The constraints upon, and latitude of, implementations of the Ranges library follow the same constraints and latitudes for implementations of the C++ standard library as specified in ISO/IEC 14882:2014 §[conforming].
A customization point object is a function object ([function.objects]) with a literal class type that interacts with user-defined types while enforcing semantic requirements on that interaction.
The type of a customization point object shall satisfy Semiregular ([concepts.lib.object.semiregular]).
All instances of a specific customization point object type shall be equal ([concepts.lib.general.equality]).
The type of a customization point object T shall satisfy Invocable<const T, Args...> ([concepts.lib.callable.invocable]) when the types of Args... meet the requirements specified in that customization point object's definition. Otherwise, T shall not have a function call operator that participates in overload resolution.
Each customization point object type constrains its return type to satisfy a particular concept.
The library defines several named customization point objects. In every translation unit where such a name is defined, it shall refer to the same instance of the customization point object.

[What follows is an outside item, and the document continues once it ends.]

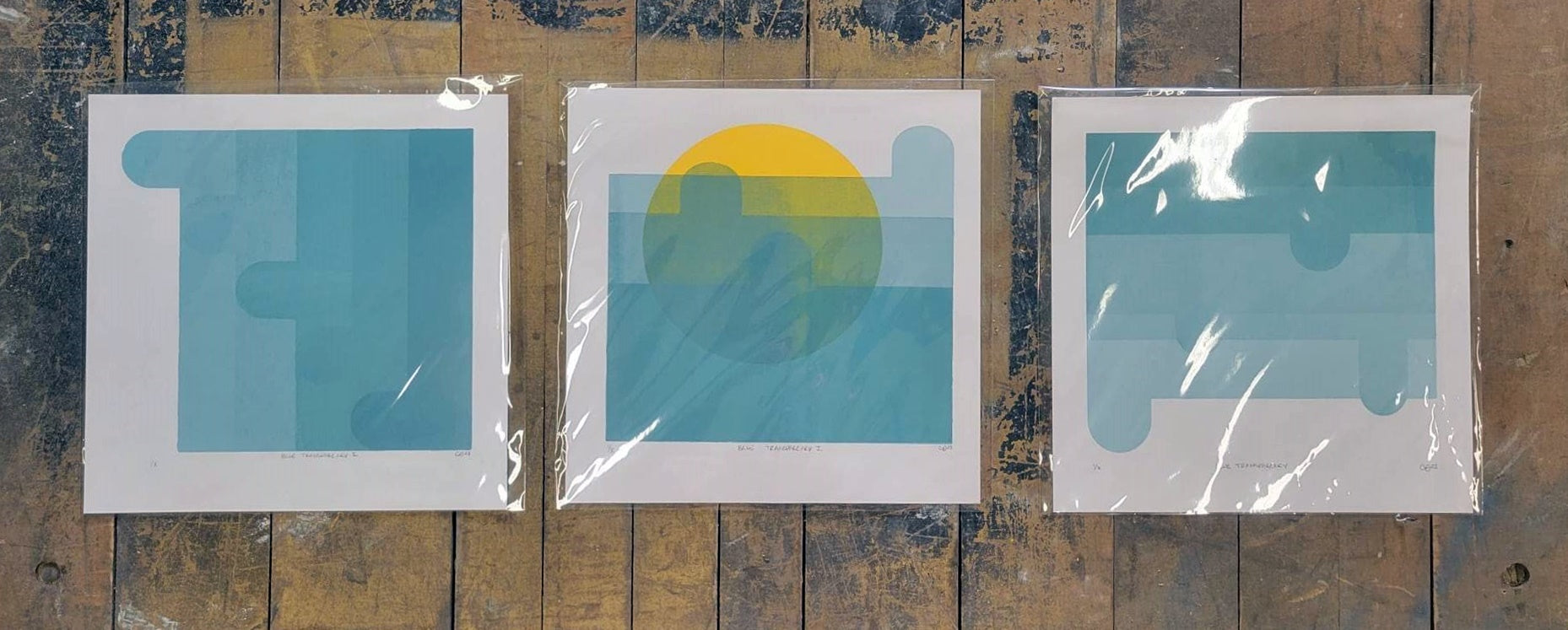Blue Transparency I, II, III - Screen Printed Art Series, Set of 3 Prints

[ Note: Many of the customization point objects in the library evaluate function call expressions with an unqualified name which results in a call to a user-defined function found by argument dependent name lookup ( ISO/IEC 14882:2014 §[basic.lookup.argdep]). To preclude such an expression resulting in a call to unconstrained functions with the same name in namespace std, customization point objects specify that lookup for these expressions is performed in a context that includes deleted overloads matching the signatures of overloads defined in namespace std. When the deleted overloads are viable, user-defined overloads must be more specialized ( ISO/IEC 14882:2014 §[temp.func.order]) or more constrained (Concepts TS [temp.constr.order]) to be used by a customization point object. — end note ]